Почти весь Нью-Джерси они проехали молча. Стемнело. На небе появились звезды. Слишком быстро они разогнаться не могли — ветер дул им в лицо через выбитое лобовое стекло, а на дороге было полно выбоин, в которых без труда спрятался бы двухлетний ребенок. Каждые три минуты Саймон смотрел на указатель уровня топлива. И только убеждался, что его остается все меньше и меньше. Брюс Спрингстин, только закончив песню, сразу заводил ее снова.

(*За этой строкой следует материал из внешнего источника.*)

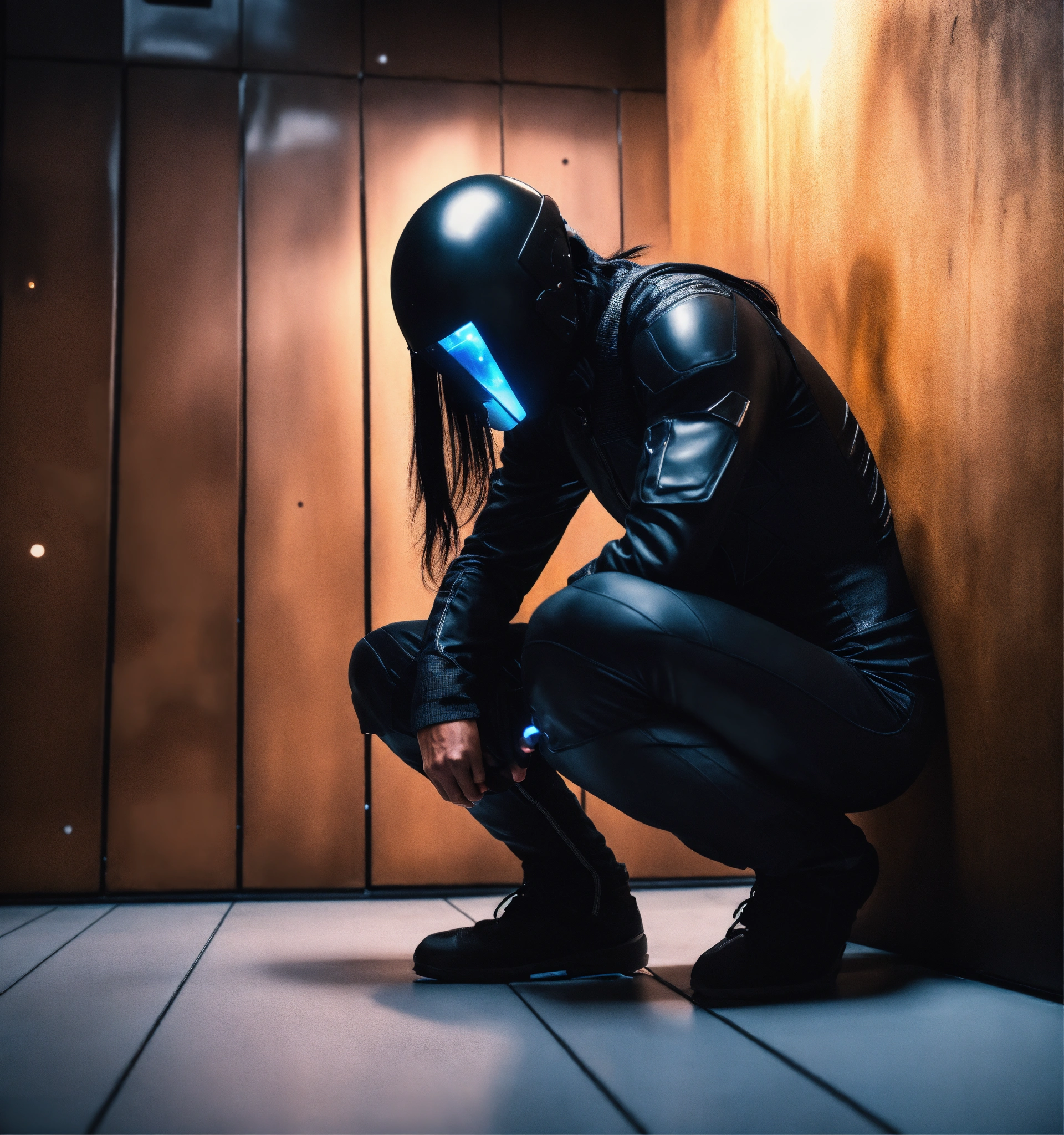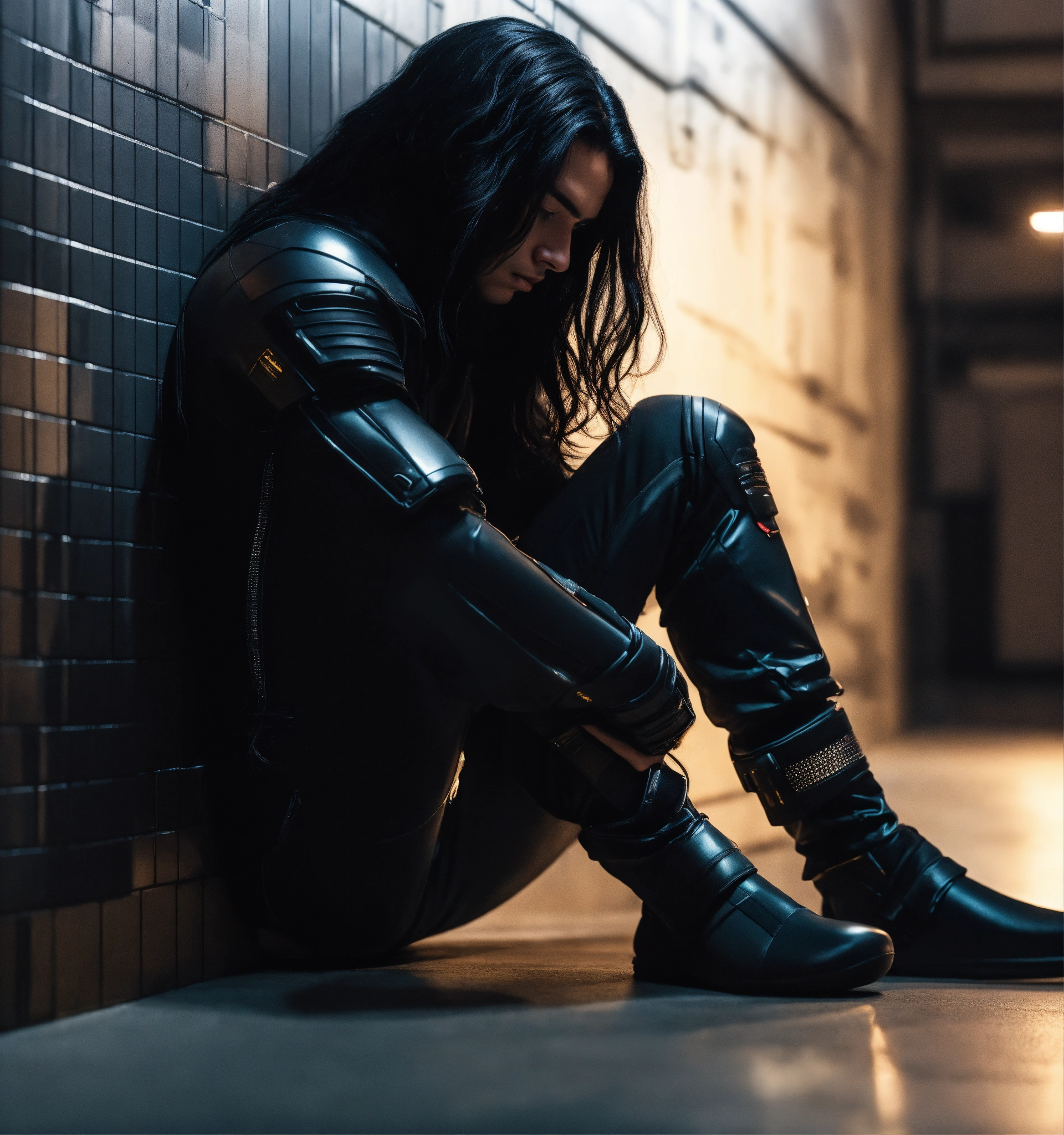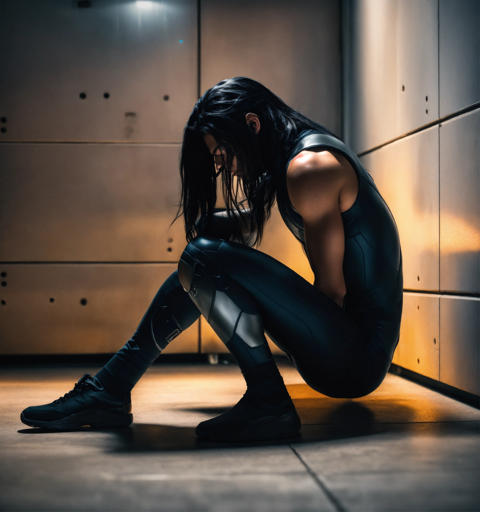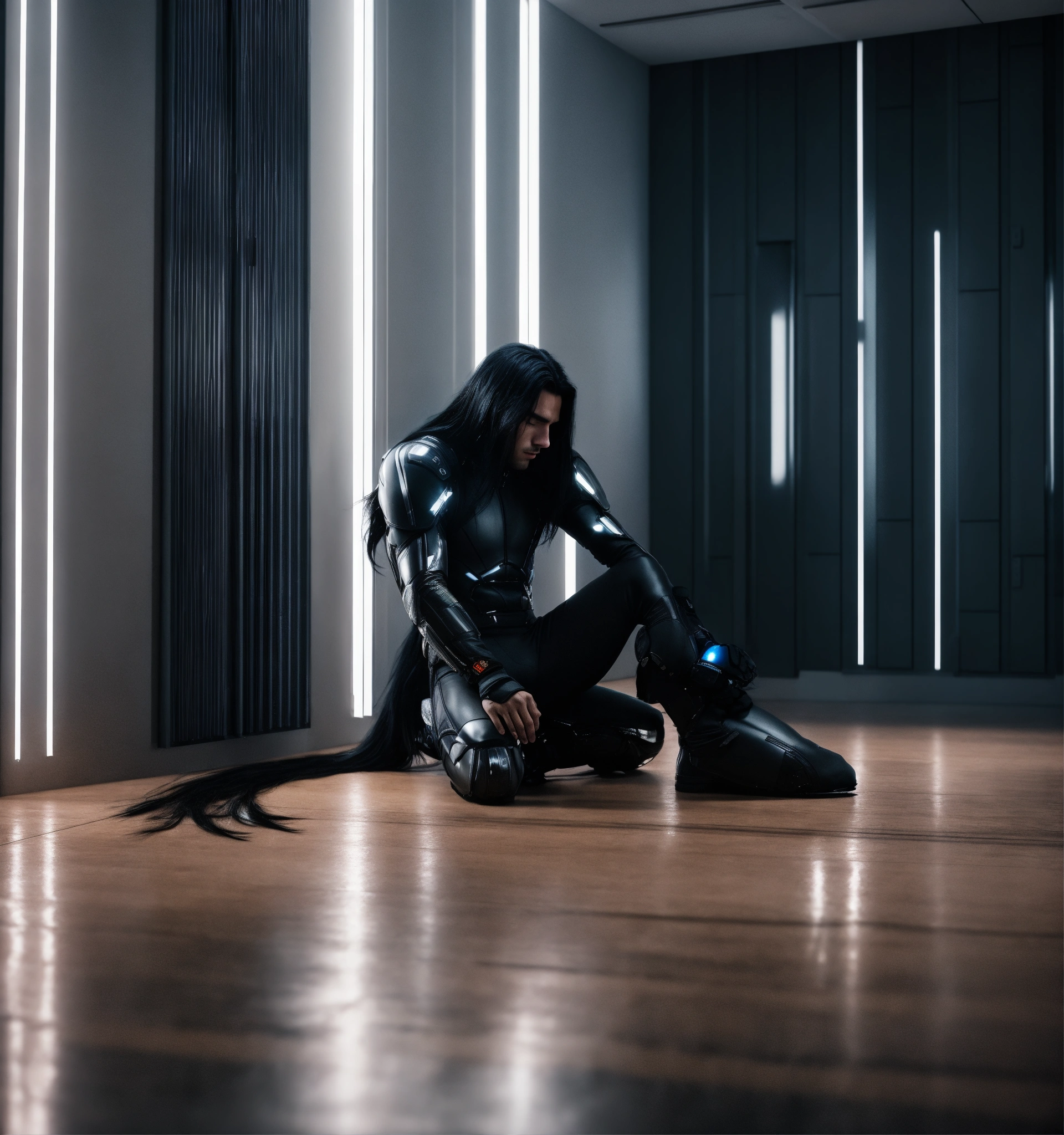 A realistic dark photo taken from above of a depressed strong 20-year-old boy, looking down to the ground, with very long black hair that covers his entire face, sitting in the corner on the floor, leaning back against the wall, looking down, wearing a black sci-fi tight suit, strong body, in a futuristic room with white metallic walls, dramatic illumination, hyperrealistic, 8 k
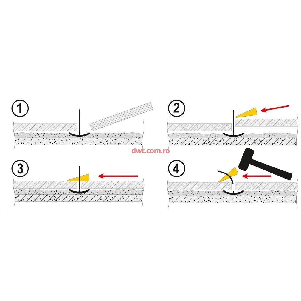 Set 100 de pene si clipsuri pentru nivelat placi ceramice Vorel 04691, min 1.5mm, max 14mm Caracteristici tehnice: Un sistem modern de nivelare a placilor, care intr-un mod foarte rapid si usor ajuta la asezarea placilor perfecte, economisind timp si eliminand inexactitatile suprafetei. Se compune dintr-un set de cleme de ruptura si pene reutilizabile din plastic de inalta calitate. - inlocuieste crucile inguste - previne deplasarea in timpul instalarii si adezivului - accelereaza asezarea placilor, mentinand imbinarile si imbinarile perfecte - nu este nevoie de instrumente suplimentare - poate fi folosit pe pereti si podele - usor de asamblat la orice nivel de calificare Pentru ceramica, portelan, faianta rectificata si faianta de diferite dimensiuni si grosimi. • Folosit pentru nivelarea placilor, • Reduce semnificativ timpul de lucru si creste eficienta. • Stabilizeaza pozitia • Datorita sistemului, se obtine o suprafata uniforma fara nivelari excesive repetitive. • Nu este nevoie de instrumente suplimentare, nu necesita efort - usor de asamblat pentru toate nivelurile de calificare. • propus profesionistilor din gresie si celor fara experienta. Chitul minim la asezarea placilor este de 1,5 mm, in timp ce folosind cruci de distanta, putem obtine latimea dorita. Grosimea maxima a placilor la care poate fi utilizat sistemul: 14 mm. Numar de pene si cleme pe 1 m2 in functie de dimensiunea placii: 30 cm x 30 cm - 42 buc 33 cm x 33 cm - 36 buc 40 cm x 40 cm - 20 buc 45 cm x 45 cm - 28 buc 50 cm x 50 cm - 24 buc 60 cm x 60 cm - 10 buc 80 cm x 80 cm - 10 buc 60 cm x 30 cm - 22 buc 100 cm x 50 cm - 16 buc 120 cm x 60 cm - 10 buc Metoda de utilizare 1. Dupa aplicarea lipiciului, introduceti clemele sub placi, astfel incat sa existe 2 cleme pe fiecare parte a placii. 2. Mutati placa urmatoare spre cleme. 3. Introduceti pana in orificiul clemei si apasati in jos pentru a alinia placile una cu cealalta. 4. Dupa ce mortarul de glazura (cleiul) s-a intarit, indepartati clema atingand-o usor. Continutul pachetului pene - 50 de bucati cleme - 50 bucati Greutate 0.39 Kg |

Зато никаких препятствий в Нью-Джерси не встретилось. Изредка их обгоняли ховерподы, несущиеся в торговые центры и казино. Пассажиры ховерподов оглядывались на Саймона с Катариной, но только и всего. Миля за милей «мицубиси» ехала мимо заброшенных фабричных зданий с разбитыми окнами и бесконечных оставленных жителями домов. Время от времени попадались лагеря надиан, которые самовольно обосновались в пустующих домах и фабричных цехах. Надиане сидели вокруг костров, пускающих в черную высь снопы искр. На выезде из города, некогда, согласно дорожному указателю, называвшегося Нью-Брансуиком, фары выхватили из темноты кучку надианских детей. Они, ослепленные, замерли у обочины и с открытыми ртами глазели на катящую мимо «мицубиси». Большинство были совсем голыми, и только один смастерил себе одежку из бумажных пакетов и чего-то похожего на бинты.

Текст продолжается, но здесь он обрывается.